* [Records for the task]
————
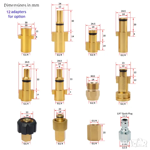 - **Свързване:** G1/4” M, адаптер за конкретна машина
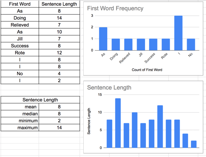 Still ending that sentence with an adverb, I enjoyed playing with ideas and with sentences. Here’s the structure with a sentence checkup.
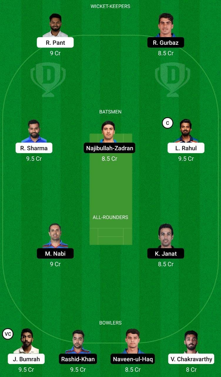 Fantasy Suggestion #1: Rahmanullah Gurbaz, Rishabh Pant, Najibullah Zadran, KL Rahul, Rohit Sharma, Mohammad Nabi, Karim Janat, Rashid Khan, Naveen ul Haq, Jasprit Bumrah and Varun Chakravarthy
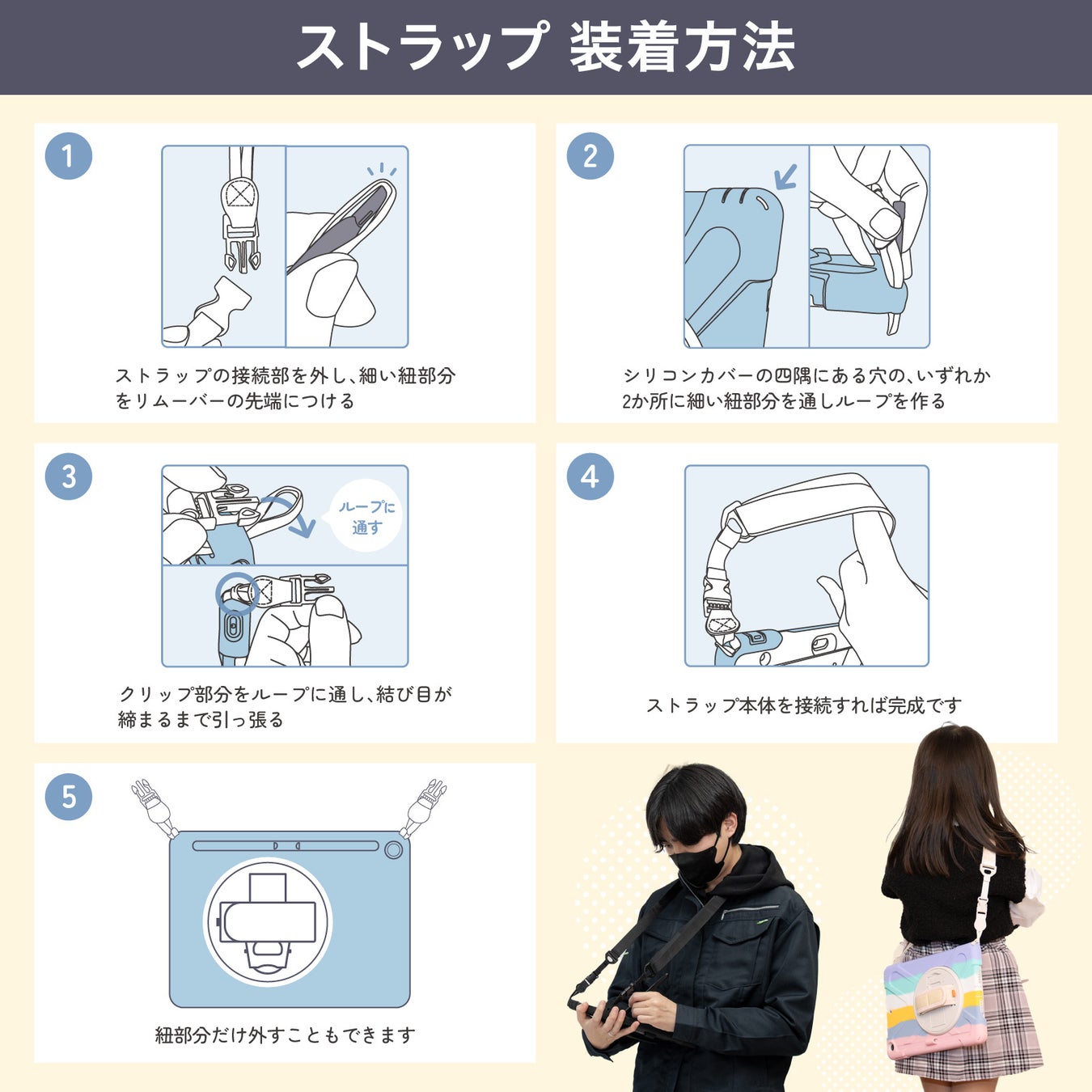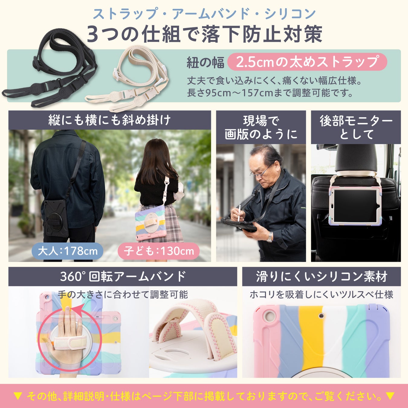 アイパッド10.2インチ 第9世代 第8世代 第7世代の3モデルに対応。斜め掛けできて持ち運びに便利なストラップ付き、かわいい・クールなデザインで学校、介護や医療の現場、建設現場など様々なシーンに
————
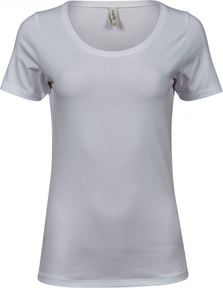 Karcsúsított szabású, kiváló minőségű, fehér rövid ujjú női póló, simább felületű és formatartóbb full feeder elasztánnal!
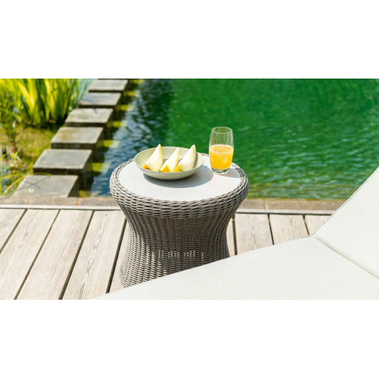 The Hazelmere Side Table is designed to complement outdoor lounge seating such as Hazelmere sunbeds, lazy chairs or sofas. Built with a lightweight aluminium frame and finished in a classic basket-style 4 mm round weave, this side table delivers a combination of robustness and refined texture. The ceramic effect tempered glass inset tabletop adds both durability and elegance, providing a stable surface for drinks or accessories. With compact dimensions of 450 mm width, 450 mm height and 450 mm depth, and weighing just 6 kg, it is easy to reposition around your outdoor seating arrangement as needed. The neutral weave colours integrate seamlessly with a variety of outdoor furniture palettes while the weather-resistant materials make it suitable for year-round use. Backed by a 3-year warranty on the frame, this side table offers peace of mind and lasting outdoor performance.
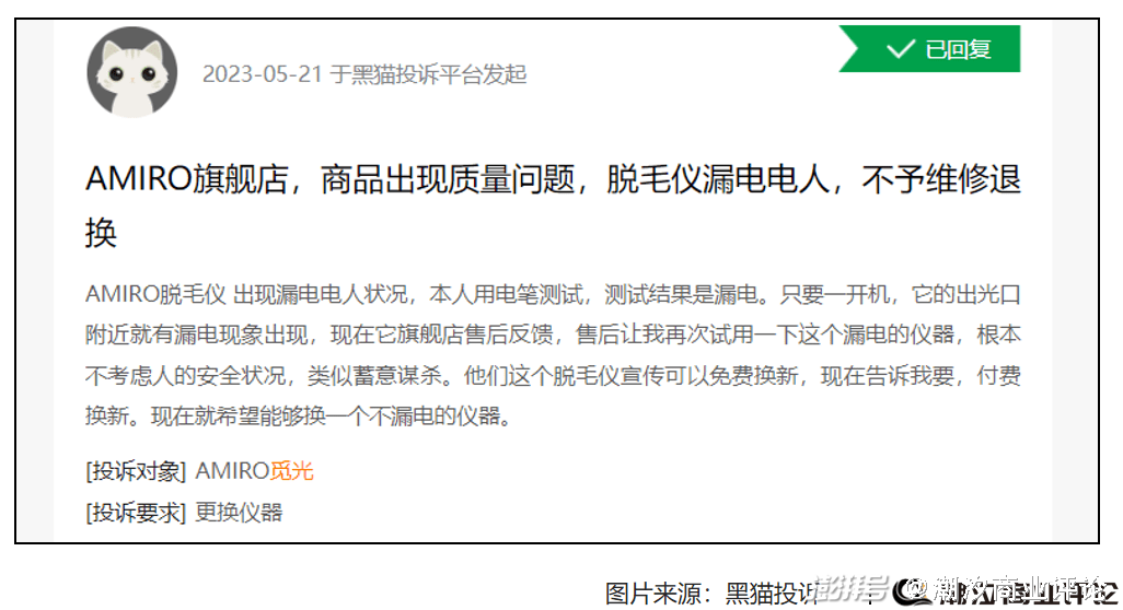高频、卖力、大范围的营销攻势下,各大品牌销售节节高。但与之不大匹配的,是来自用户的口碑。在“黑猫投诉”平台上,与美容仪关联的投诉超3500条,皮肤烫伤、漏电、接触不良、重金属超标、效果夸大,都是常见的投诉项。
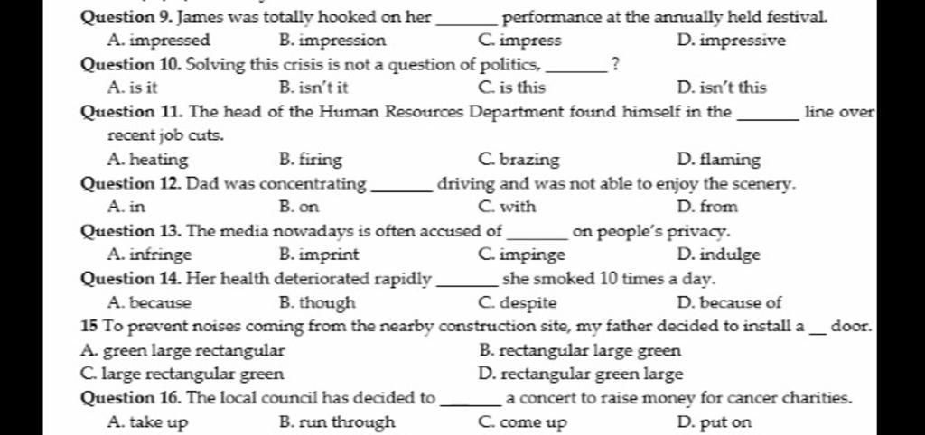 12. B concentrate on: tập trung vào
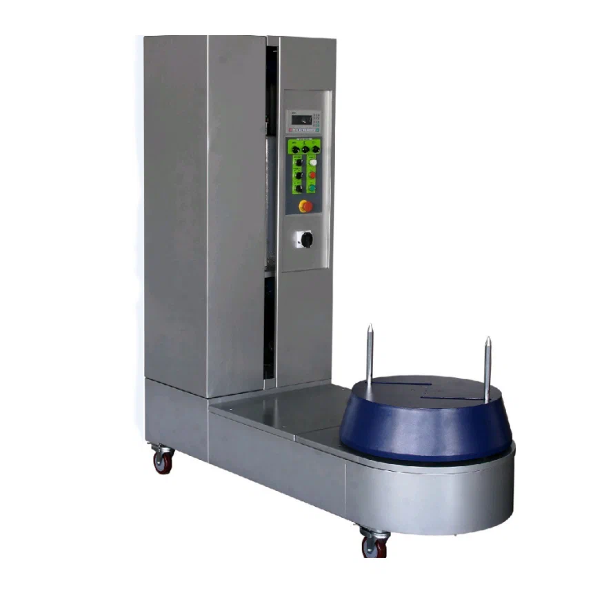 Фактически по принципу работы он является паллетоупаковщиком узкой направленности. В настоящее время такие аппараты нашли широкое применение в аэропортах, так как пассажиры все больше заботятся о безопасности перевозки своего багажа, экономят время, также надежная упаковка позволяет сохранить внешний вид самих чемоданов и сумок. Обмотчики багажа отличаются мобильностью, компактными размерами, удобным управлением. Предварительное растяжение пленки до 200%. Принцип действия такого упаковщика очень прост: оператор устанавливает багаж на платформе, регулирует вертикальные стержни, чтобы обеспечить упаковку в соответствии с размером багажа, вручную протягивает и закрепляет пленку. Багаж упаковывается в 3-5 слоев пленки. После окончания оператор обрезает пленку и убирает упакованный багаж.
————
* [What the exercise asks] Within the listing above, extract exactly the lines that run from the one containing "Karcsúsított szabású, kiváló" through the one containing "Фактически по принципу", excluding any pictures.

* [Solution]
 Karcsúsított szabású, kiváló minőségű, fehér rövid ujjú női póló, simább felületű és formatartóbb full feeder elasztánnal!
 The Hazelmere Side Table is designed to complement outdoor lounge seating such as Hazelmere sunbeds, lazy chairs or sofas. Built with a lightweight aluminium frame and finished in a classic basket-style 4 mm round weave, this side table delivers a combination of robustness and refined texture. The ceramic effect tempered glass inset tabletop adds both durability and elegance, providing a stable surface for drinks or accessories. With compact dimensions of 450 mm width, 450 mm height and 450 mm depth, and weighing just 6 kg, it is easy to reposition around your outdoor seating arrangement as needed. The neutral weave colours integrate seamlessly with a variety of outdoor furniture palettes while the weather-resistant materials make it suitable for year-round use. Backed by a 3-year warranty on the frame, this side table offers peace of mind and lasting outdoor performance.
高频、卖力、大范围的营销攻势下,各大品牌销售节节高。但与之不大匹配的,是来自用户的口碑。在“黑猫投诉”平台上,与美容仪关联的投诉超3500条,皮肤烫伤、漏电、接触不良、重金属超标、效果夸大,都是常见的投诉项。
 12. B concentrate on: tập trung vào
 Фактически по принципу работы он является паллетоупаковщиком узкой направленности. В настоящее время такие аппараты нашли широкое применение в аэропортах, так как пассажиры все больше заботятся о безопасности перевозки своего багажа, экономят время, также надежная упаковка позволяет сохранить внешний вид самих чемоданов и сумок. Обмотчики багажа отличаются мобильностью, компактными размерами, удобным управлением. Предварительное растяжение пленки до 200%. Принцип действия такого упаковщика очень прост: оператор устанавливает багаж на платформе, регулирует вертикальные стержни, чтобы обеспечить упаковку в соответствии с размером багажа, вручную протягивает и закрепляет пленку. Багаж упаковывается в 3-5 слоев пленки. После окончания оператор обрезает пленку и убирает упакованный багаж.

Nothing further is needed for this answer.